▶ Work order
Your task is to transcribe, word for word, the line containing "Figura 3. Efecto" and all lines that follow it to the end of the entries. Leave out the pictures.

[Entries taken from a collection]
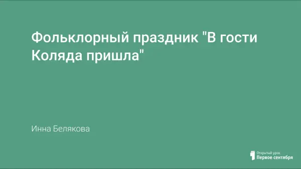 В основу сценария фольклорного праздника легли старинные обряды и обычаи. В качестве музыкального материала были использованы старинные народные колядки, которые исполнялись девочками и мальчиками младшей вокальной группы accopella с использованием народных шумовых инструментов. Девочки средней вокальной группы исполняли стилизованные народные песни, сочетая пение с танцевальными народными движениями.
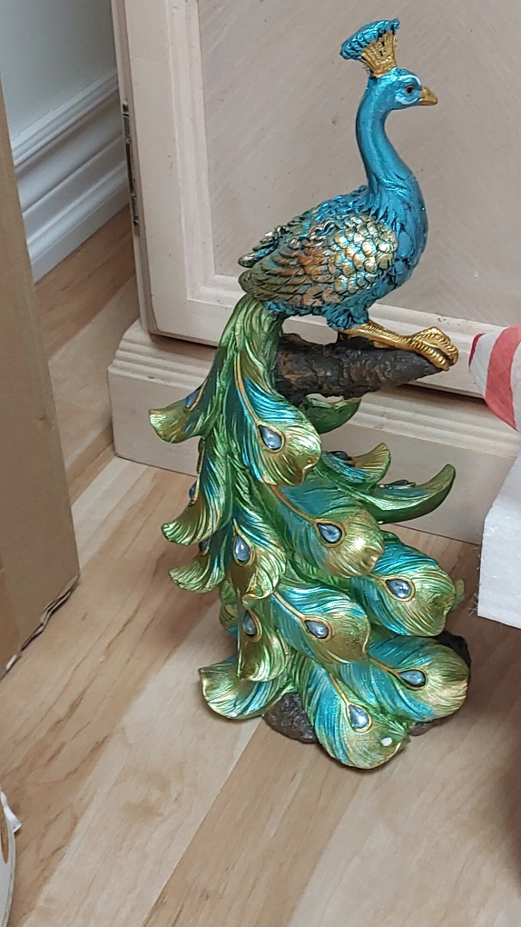 Beautiful peacock figurine. Detailed design. Green and blue colours. Perched on a branch. Great for home decor.
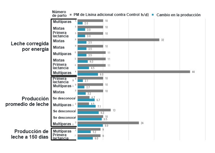 Figura 3. Efecto del aumento del suministro de PM de lisina en la producción
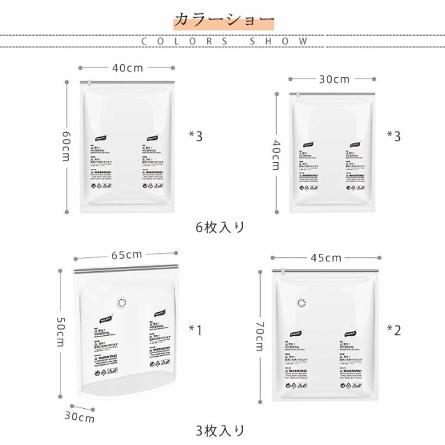 圧縮袋 手巻き 旅行 出張 ポンプ不要 衣収納 掃除機不要 衣替え 手巻き圧縮袋 真空パック袋 防水 防塵 省スペース 6枚入り 3枚入り
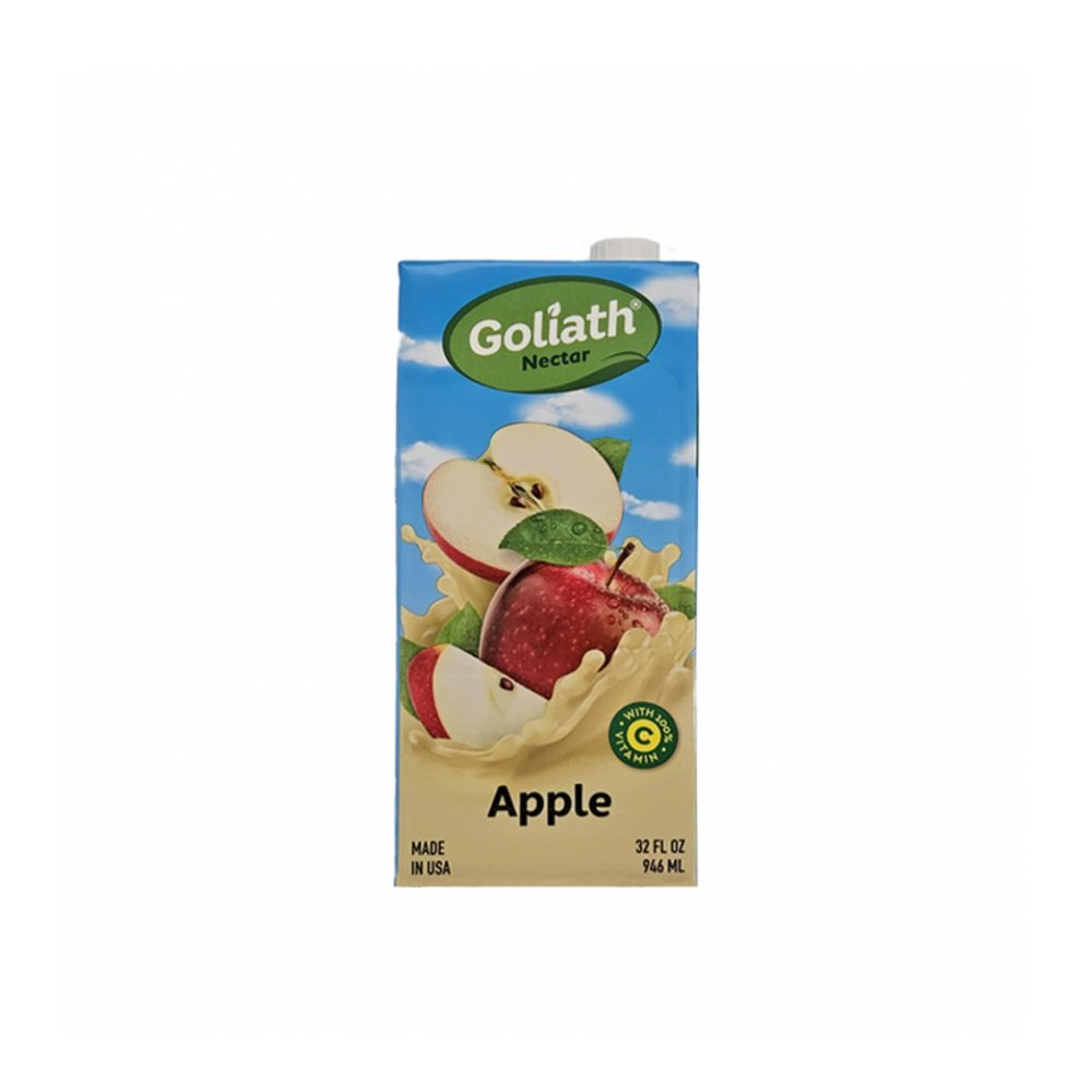 El néctar de manzana GOLIATH de 946 ml es una bebida saborizada elaborada con jugo de manzana a partir de concentrado, endulzada con jarabe de maíz de alta fructosa y enriquecida con vitamina C. Su país de origen es Estados Unidos.

▶ Output of the task
 Figura 3. Efecto del aumento del suministro de PM de lisina en la producción
 圧縮袋 手巻き 旅行 出張 ポンプ不要 衣収納 掃除機不要 衣替え 手巻き圧縮袋 真空パック袋 防水 防塵 省スペース 6枚入り 3枚入り
 El néctar de manzana GOLIATH de 946 ml es una bebida saborizada elaborada con jugo de manzana a partir de concentrado, endulzada con jarabe de maíz de alta fructosa y enriquecida con vitamina C. Su país de origen es Estados Unidos.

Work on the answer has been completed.